The cost of operating a cartel could be set to become considerably more expensive with yesterday’s news that the Supreme Court of Appeal has granted theBlack Sash, Children’s Resources Centre, Cosatu and the National Consumer Forum leave to appeal an earlier ruling denying them a “class certification order” in their lawsuit against three bread companies.
The three companies – Tiger Brands, Pioneer Foods and Premier Foods – went through a fairly torrid time with the competition authorities, or at least Tiger Brands and Pioneer Foods did.
Premier Foods was smart enough to apply for a leniency agreement so it escaped the cost and humiliation of the Competition Tribunal process.
When Tiger Brands was having its consent order processed by the tribunal, it felt like things couldn’t really get much worse for corporate executives whose companies are involved in anti-competitive conduct; former group chief executive Nick Dennis had a particularly tough time.
But then it was Pioneer’s turn and things got a lot tougher.
The company’s decision to fight all the charges added to the hefty fine that it eventually faced.
Pioneer’s recently released results reflect just how hefty the fine was and reinforces the view that its management team was extremely lucky to survive. Although it escaped the full wrath of the competition authorities, Premier will not escape the impact of any class action suit.
Of course, such action is a long way down the track and the four parties behind it have still to overcome some major challenges. Many of these challenges stem from the fact that this will be the first action of its kind ever taken in South Africa. But they are determined.
Nkosikhulule Nyembezi of theBlack Sashrefers to the millions of consumers who suffered as a result of “corrupt and corrosive business practices”.
Finance Minister Pravin Gordhan and his deputy Nhlanhla Nene notched up a bill of R631 000 for accommodation during trips abroad and within the country over the past two and a half years, although this figure will still increase as trips to London, Paris, Nanjing (in China) and New York were booked through the South African missions, so invoices are awaited.
In reply to David Maynier, a DA MP, Gordhan reported that he could not provide details of the hotels for security reasons, but he had stayed in foreign hotels on 20 different occasions for a total of 61 nights. In addition, he had also stayed at local hotels on 16 occasions for 61 nights.
DA finance spokesman Dion George took particular exception to a two-night stay by Gordhan in Paris in March this year – for the state visit of President Jacob Zuma – which cost R60 235.29.
He asked how Gordhan reconciled this bill – which makes up part of the R336 000 spent on his hotel stays abroad – with his numerous public comments urging the government to spend state funds wisely.
George quoted Gordhan in his medium-term budget policy statement: “We have to address inefficiency, extravagance and waste in public administration, for trusteeship is at the heart of the contract between government and its citizens.”
A four-night stay at a five-star hotel in Washington for the Group of 20 summit in September 2009 cost a sizeable R35 000 while a six-night stay in October 2009 in Istanbul for International Monetary Fund and World Bank meetings cost R53 000.
A six-night stay in London for the Investec chief executive’s conference, investor road show and speaking engagements at Oxford and Cambridge cost R43 000 in November last year.

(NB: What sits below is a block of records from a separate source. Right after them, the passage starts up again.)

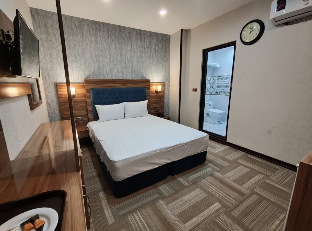 اگر در سفر به قم دو نفر هستید و می خواهید در هتل قصر نادری اقامتی بی دغدغه داشته باشید، می توانید اتاق دو تخته دابل این هتل را رزرو کنید. این اتاق 15 متری دارای چشم انداز رویایی رو به فضای شهری اطراف هتل داشته باشید. در این اتاق دو تخته دابل، یک تخت دو نفره موجود است. این واحد ظرفیت یک نفر اضافه را ندارد. برای سرمایش اتاق اسپیلت و برای گرمایش آن شوفاژ موجود است.
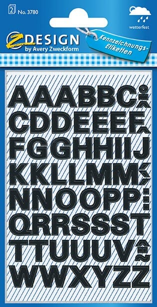 Averys selvklebende værbestandige bokstaver er den perfekte løsningen når du har behov for at merke udendørs, f.eks. på postkassen, eller i omgivelser med svingende temperaturer. Bokstavene er permanent klebende. Farge: sort. Pakke med bokstaverne A-Z. Format: 9,5 mm / 38pt.
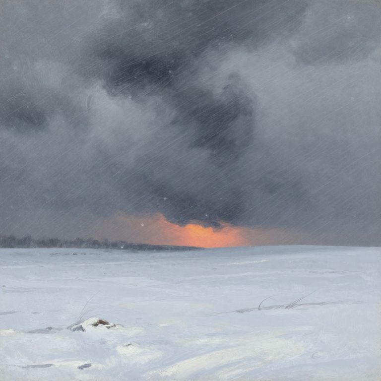 Illustration, style of Laurent Grasso, style of Andreas Achenbach, “Vast, snow-covered plain under a fierce blizzard, swirling snowflakes, howling wind, dark clouds, sunset, desolate landscape, muted colors, dramatic atmosphere, oil painting, textured brushstrokes, moody lighting, ethereal quality
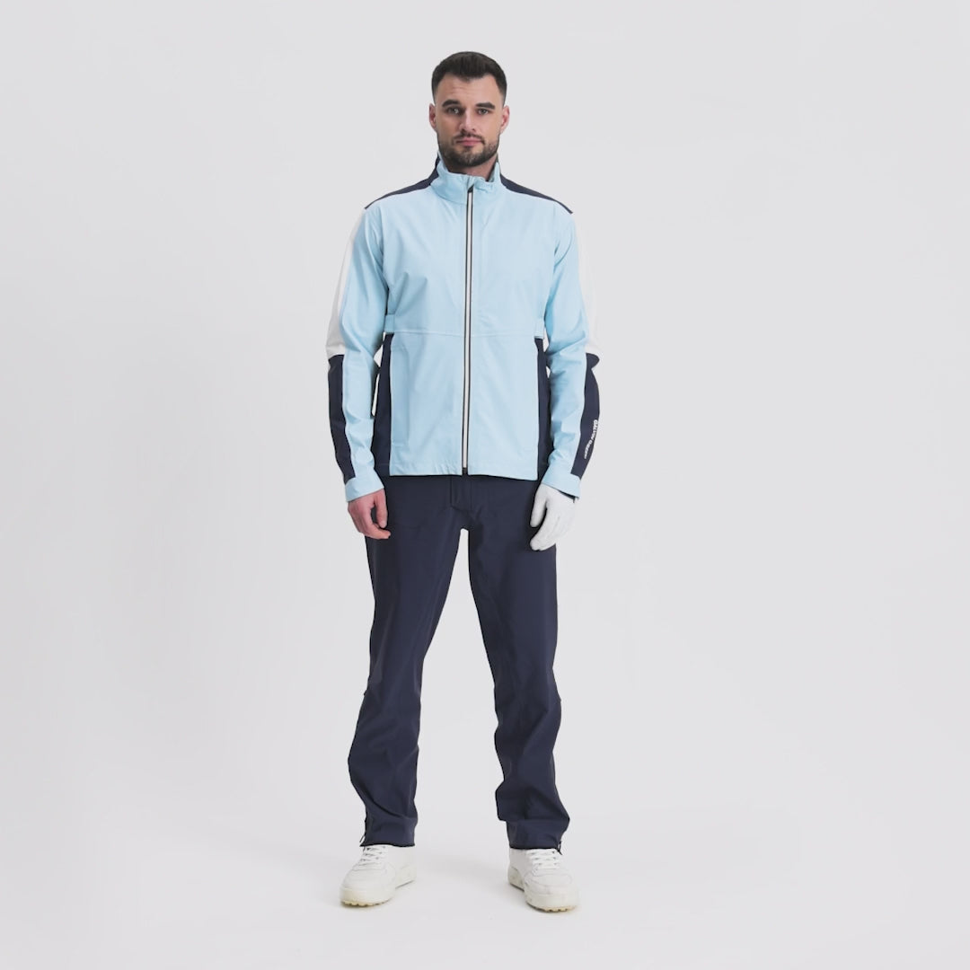The Arlo hero jacket combines modern design with the reliable performance of Galvin Green’s award-winning rain gear. Made from Pertex® Shield 3-layer stretch fabric, this jacket is 100% waterproof, windproof, and highly breathable, ensuring you stay dry and comfortable during wet rounds. The sleek, contrasting panels offer a modern look while maintaining functional performance.
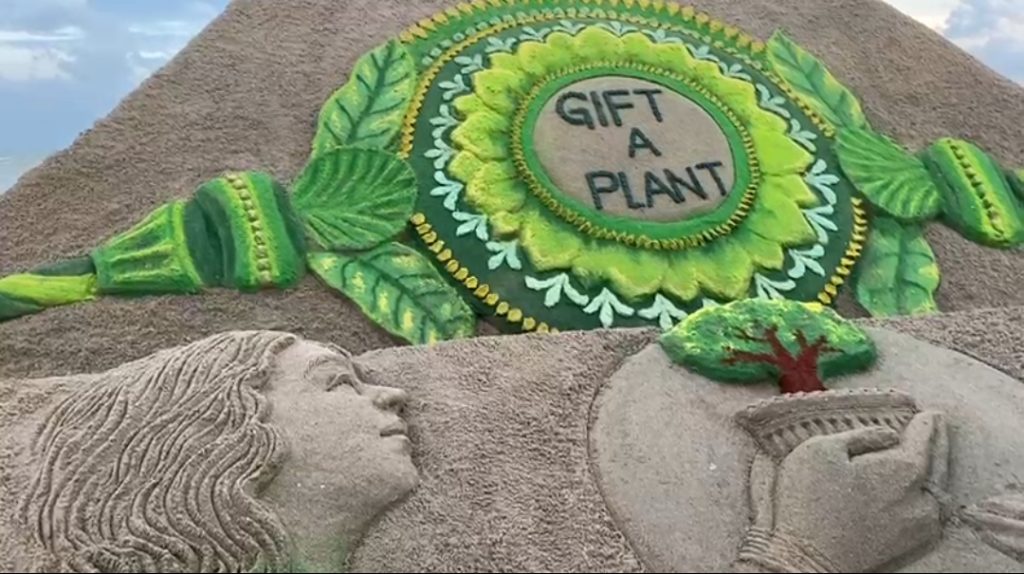 Ar – ଭାଇ ଭଉଣୀଙ୍କର ପବିତ୍ର ସମ୍ପର୍କର ପ୍ରତିକ ରକ୍ଷାବନ୍ଧନ। ପବିତ୍ର ରାକ୍ଷୀପୂର୍ଣ୍ଣିମା ଅବସରରେ ବାଲୁକାକୃତି ଜରୀଆରେ ଶୁଭେଚ୍ଛା ଜଣାଇଛନ୍ତି ବାଲୁକାଶିଳ୍ପୀ ପଦ୍ମଶ୍ରୀ ସୁଦର୍ଶନ ପଟ୍ଟନାୟକ। ଏଥିସହିତ ବାଲୁକାକୃତିରେ ବିଶ୍ୱକୁ ଦେଇଛନ୍ତି ନିଆରା ବାର୍ତ୍ତା। ଏବେ ଅବାଧରେ ଗଛକଟା ହେବା ଯୋଗୁଁ ବିଶ୍ୱରେ ଦେଖାଦେଉଛି ଅକ୍ସିଜେନର ଅଭାବ।ଜୀବଜଗତ ଅସୁରକ୍ଷିତ ହୋଇପଡିଛି। ଏଣୁ ରକ୍ଷାବନ୍ଧନ ପର୍ବରେ ଭଉଣୀ ଭାଇକୁ ରାକ୍ଷୀ ପରିବର୍ତ୍ତେ ଚାରାଟିଏ ଉପହାର ଦେବାକୁ ଏହି ବାଲୁକାକୃତି ମାଧ୍ୟମରେ ସଚେତନର ବାର୍ତ୍ତା ଦେଇଛନ୍ତି ସୁଦର୍ଶନ। ପୁରୀ ନିଳାଦ୍ରୀ ବେଳାଭୂମିରେ ସେ ନିର୍ମାଣ କରିଥିବା ବାଲୁକୃତିରେ ସବୁଜିମା ଭରା ରାକ୍ଷୀଟିଏ ପ୍ରଦର୍ଶିତ କରିବା ସହ ପ୍ରଦର୍ଶିତ କରିଛନ୍ତି ଭାଇ ହାତକୁ ରାକ୍ଷୀ ନୁହେଁ ବରଂ ଚାରାଟିଏ ପ୍ରଦାନ କରୁଥିବାର ଆକର୍ଷଣୀୟ ଦୃଶ୍ୟ। ଆଉ ରାକ୍ଷୀରେ ରହିଛି GIFT A PLANT ଶିର୍ଷକ ଏକ ସଚେତନତାର ବାର୍ତ୍ତା।

Nene’s bill for three nights at a London hotel came to R36 000 in March this year for the Commonwealth conference.
It is probably a case of don’t do what I do, just as I say.
JSE-listed Comair, which in addition to its British Airways franchise also has South Africa’s oldest low-cost airline, kulula.com, and is estimated to have a 37 percent share of the domestic aviation market, was unusual until yesterday in having two joint chief executives.
Its financial director, Erik Venter, and Gidon Novick, who was responsible for starting kulula, took over on the retirement of Pieter van Hoven about four years ago. Since then, it has branched out into other activities, including a holiday booking operation, and the two divided these responsibilities between them.
As airline costs rose and competition increased, the company has gone through an extensive restructuring and, according to Venter, its activities have become more integrated, making it difficult to separate them. So Novick has left to concentrate on new entrepreneurial activities, which yesterday he was not ready to discuss, although he will continue to act as a consultant to the airline.
Venter joined Comair 15 years ago as financial manager. Novick’s father, Dave Novick, joined Comair as an accountant in the 1960s. Chief executive Gidon Novick did not join the company immediately after qualifying as a chartered accountant, but took an MBA degree in the US and remained there for a time as a consultant, bringing back innovative ideas that were put into practice in Comair.
One of the latest innovations was to start an international operation, flying between Durban’s new King Shaka Airport and London, extending its British Airlines franchise.
But this has been put on hold indefinitely after a British Airways feasibility study. Venter pointed out yesterday that the present economic situation made it too risky.